SAMe is an endogenous molecule synthesised by cells throughout the body. It is formed from methionine and ATP, in conjunction with SAMe synthetase enzyme, and is involved in cell replication and protein synthesis. It has a modulating influence on inflammation and plays a role as a precursor of glutathione in the hepatocyte. The recommended dose is 20mg/kg/day, generally given on an empty stomach.
A study investigated the amount of SAMe present in different supplements for veterinary use available in UK. The results revealed more than a threefold variation in the percentage of measured SAMe compared to the stated amount on the packaging and, therefore, one could argue the lack of response could be due to deficient supplementation. A trial with a different SAMe product could be considered prior to assuming lack of response14.
The remainder of supportive therapy consists of treating secondary complications of liver disease, such as hepatic encephalopathy, gastrointestinal ulceration and ascites (Table 1).
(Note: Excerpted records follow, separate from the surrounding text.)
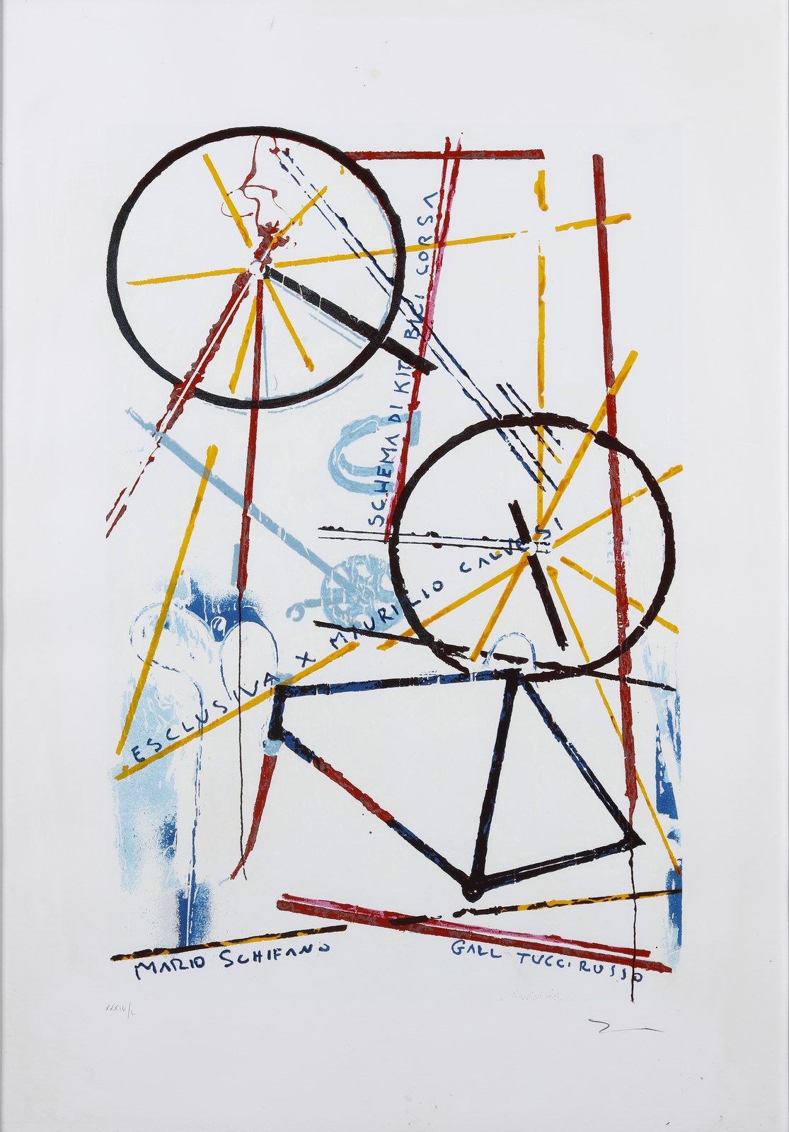 SCHIFANO MARIO (1934 - 1998) Schema di Kit bici da corsa. 1997. Serigrafia materica a smalto su carta. Cm 70,00 x 100,00. XXXIV/L. Tiratura e firma in basso a matita. Certificato di garanzia Telemarket. Difetti.
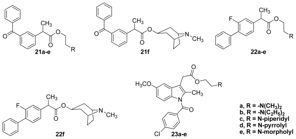 There have been a few examples of these NSAID prodrugs in the literature [71,73,74]. In this regard, aminoethyl esters of ketoprofen 21a–f, flurbiprofen 22a–22f and indomethacin 23a–e incorporating open and cyclic amines were synthesized and evaluated (Figure 18 and Table 2).
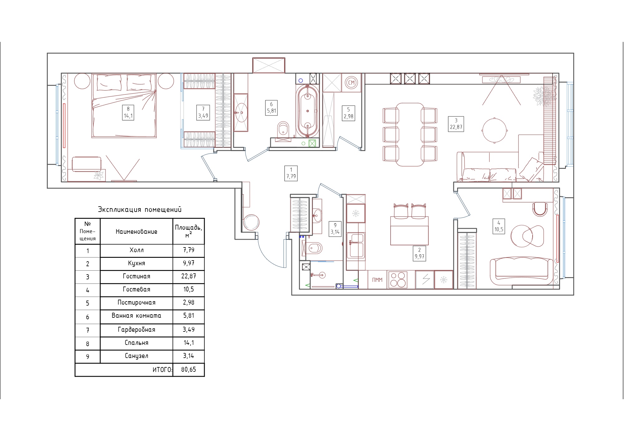 Спроектировать гостевую комнату с возможностью переустройства в детскую.
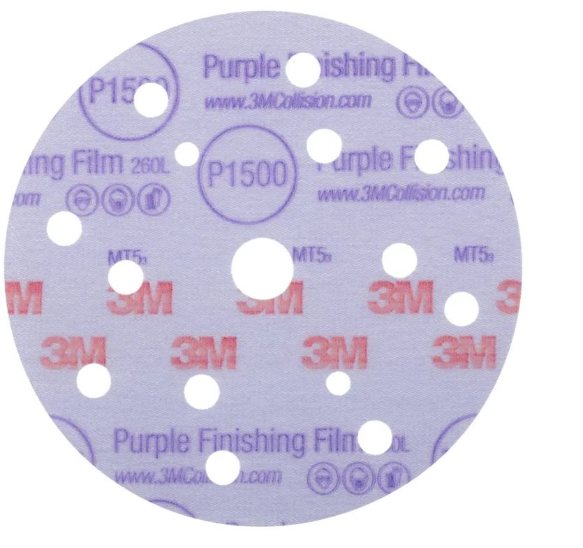 Our 3M Hookit Purple Finishing Film Abrasive Disc 260L features an updated coating that levels surface defects on clear coat and greatly reduces pigtails. Aluminium oxide abrasive cuts fast, lasts a long time, resists loading with or without hole pattern designs and leaves a consistent, easy-to-polish finish. Our 3M Hookit attachment system makes disc change-outs fast and easy.
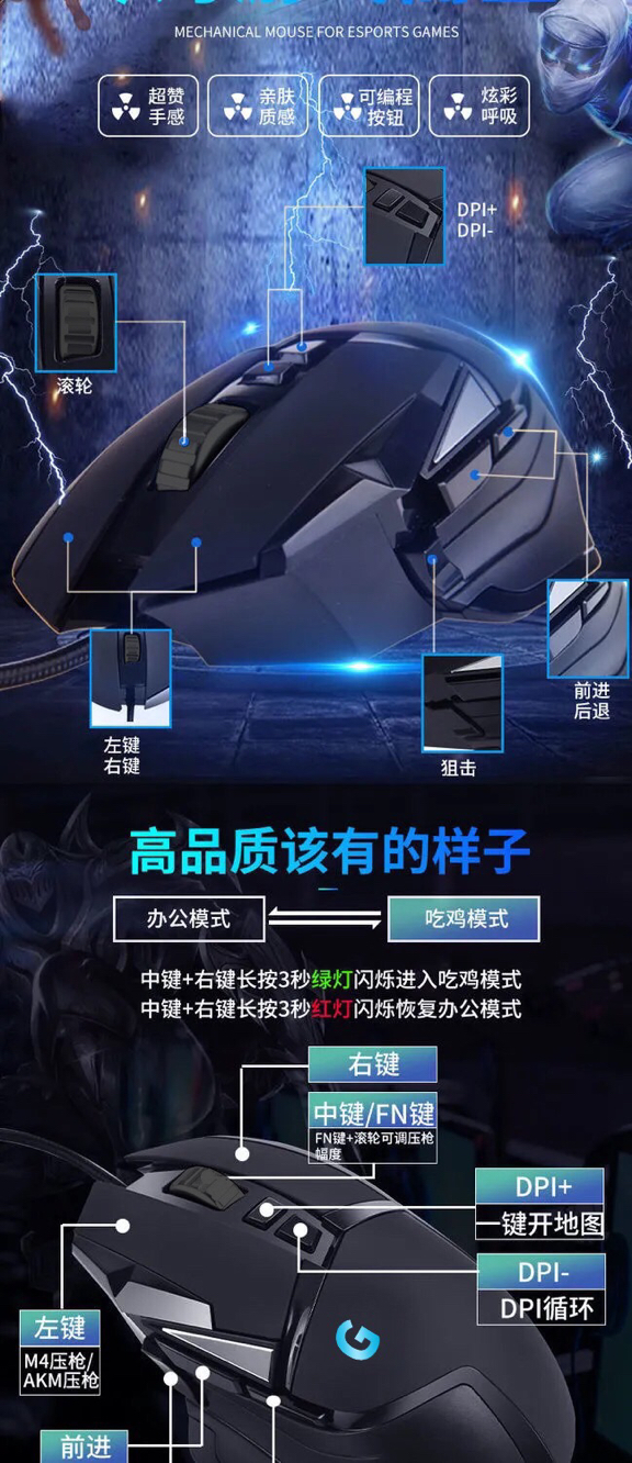 泉罗技术G502有线游戏鼠标lol网吧英雄联盟RGB电竞压枪宏编程吃鸡
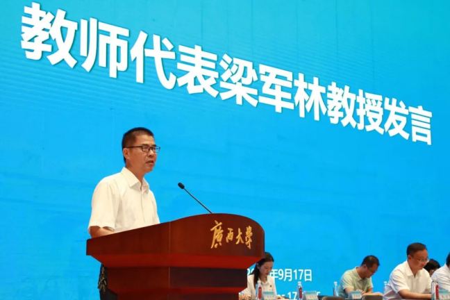 道路与桥梁工程系梁军林教授作为教师代表发言。他回顾自己年轻时求学西大的经历,深情地讲述自己辗转多年最终回归西大土木“大家庭”的人生经历,鼓励新生在工程行业内找到自己的定位,练就过硬的技术,掌握发言权。他同时概括了自己在科研理论上的新进展,并寄语新生,在学习,工作和生活中没有一帆风顺和平坦的道路,希望同学们努力学习,强健体魄,团结协作,勇攀高峰,在自己的人生上舞出精彩。

Inappetence and anorexia are very common in patients with liver disease, particularly cats. If anorexia has been present for more than three days, placement of a feeding tube should be considered.
The diet chosen should not be protein-restricted, unless the patient has clinical signs of hepatic encephalopathy. In addition, a high carbohydrate and moderate fat content is important to supply caloric needs. There is evidence the addition of fibre (psyllium) may have beneficial effects in patients with liver disease, similar to lactulose15. Most formulated “liver diets” have lower copper concentrations and are often supplemented with additional zinc to decrease further absorption of copper in cases with a copper hepatopathy.